La Chambre haute du parlement RD-congolais se prépare à un véritable coup de balai avec l’annonce du contrôle physique et administratif des agents. Cette initiative, baptisée «Transparence» et portée par le questeur du Sénat, Sylvain Mukengeshayi Kabongo Taupin, vise à mettre de l’ordre dans la gestion de la troisième institution du pays afin d’optimiser l’utilisation de ses ressources. Afin de mener cette opération à bon port, Didier Molisho, directeur de cabinet du président du Sénat, a été désigné à la tête d’une commission composée de membres de cabinet, du personnel administratif ainsi que du secrétaire général du Sénat.

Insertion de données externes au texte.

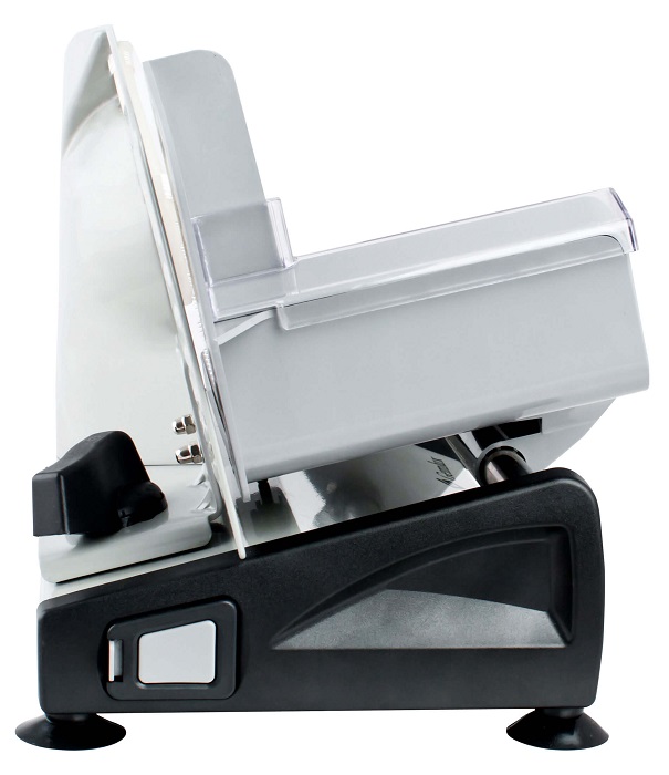 • Слайсер оснащен ножом диаметром 190 мм из нержавеющей стали с прямым лезвием и кареткой из пластмассы с гигиеничной накладкой из нержавеющей стали.
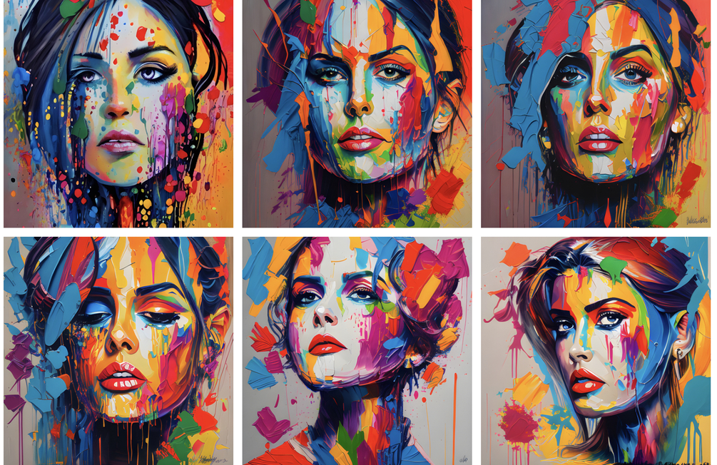 Wall Art Set of 6 Prints Colourful Oil Painting Portrait
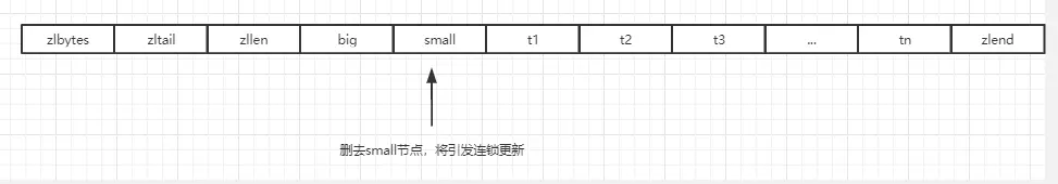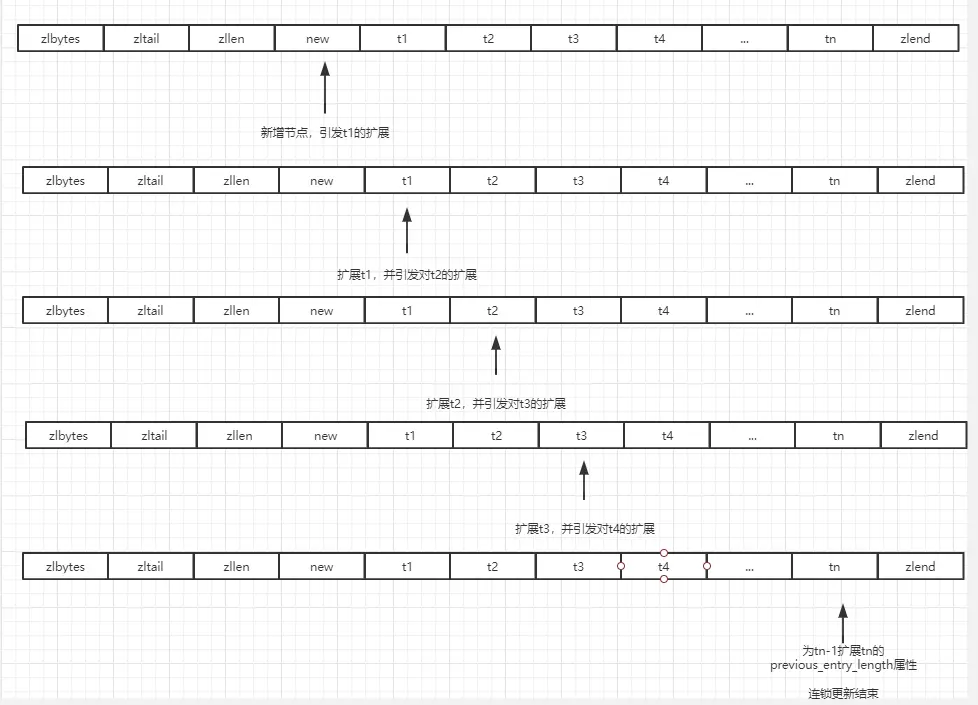 在一个压缩列表中,有多个连续、长度介于250字节到253字节之间的节点,在一个长度大于254的新节点new设置为压缩列表的表头节点,则t1保存这个new节点的previous_entry_length的长度则由1字节变为5字节,则t1节点的长度变为254到257之间,则保存t1长度的t2节点长度也需要修改,依次引起的压缩列表的空间的重新分配,直到最后一个节点为止。
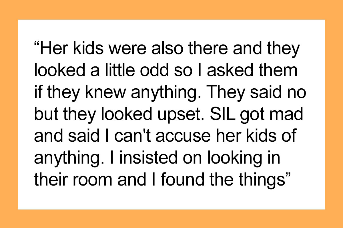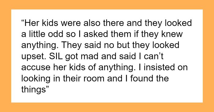 Load More Replies...That's what I'm thinking! OP needs to go through her valuables and make sure nothing else is missing. And the fact that SIL went straight to "You can't accuse my kids!" makes me think she knew about this.
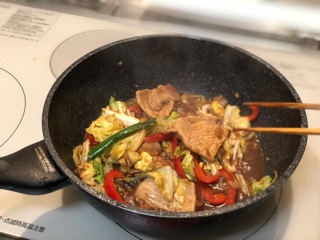 1. 油をしいたフライパンで豚肉を焼く

Cette commission s’est réunie, pour la première, mercredi 7 mai 2025, autour du questeur du Sénat pour des «orientations strictes». En clair, cette vaste opération de contrôle administratif et physique du personnel devrait permettre de démasquer les potentiels fictifs et doublons alors que le personnel du Sénat est devenu pléthorique. Les chiffres récents évoquent un nombre fou de plus de 500 agents recensés à ce jour.
En plus de peser sur les finances, ce nombre suscite des interrogations quant à l’efficacité et à la coordination. Désormais, l’argentier de la Chambre haute entreprend d’établir noir sur blanc les tâches de chaque agent de l’administration parlementaire dans le but d’assainir la masse salariale.
Durant 30 jours, cette commission va notamment lancer la chasse aux doublons et aux inefficiences. En attendant les conclusions de cette traque, le président du Sénat, Sama Lukonde, a décrété le gel de promotions et mouvements d’agents au sein de cette administration. Déjà à pied d’œuvre, la commission Molisho a fixé ses lignes directrices, axées sur deux volets: logistique et ressources humaines. Selon le coordonnateur cette commission, la mission sera d’établir «l’effectif réel du personnel administratif du Sénat». Molisho et ses collègues devront répondre à trois questions: «qui est qui?», «qui fait quoi?» et «comment le fait-il?». Aussi, la commission a été chargée de «proposer des solutions pour améliorer les conditions de travail» au sein de l’administration du Sénat.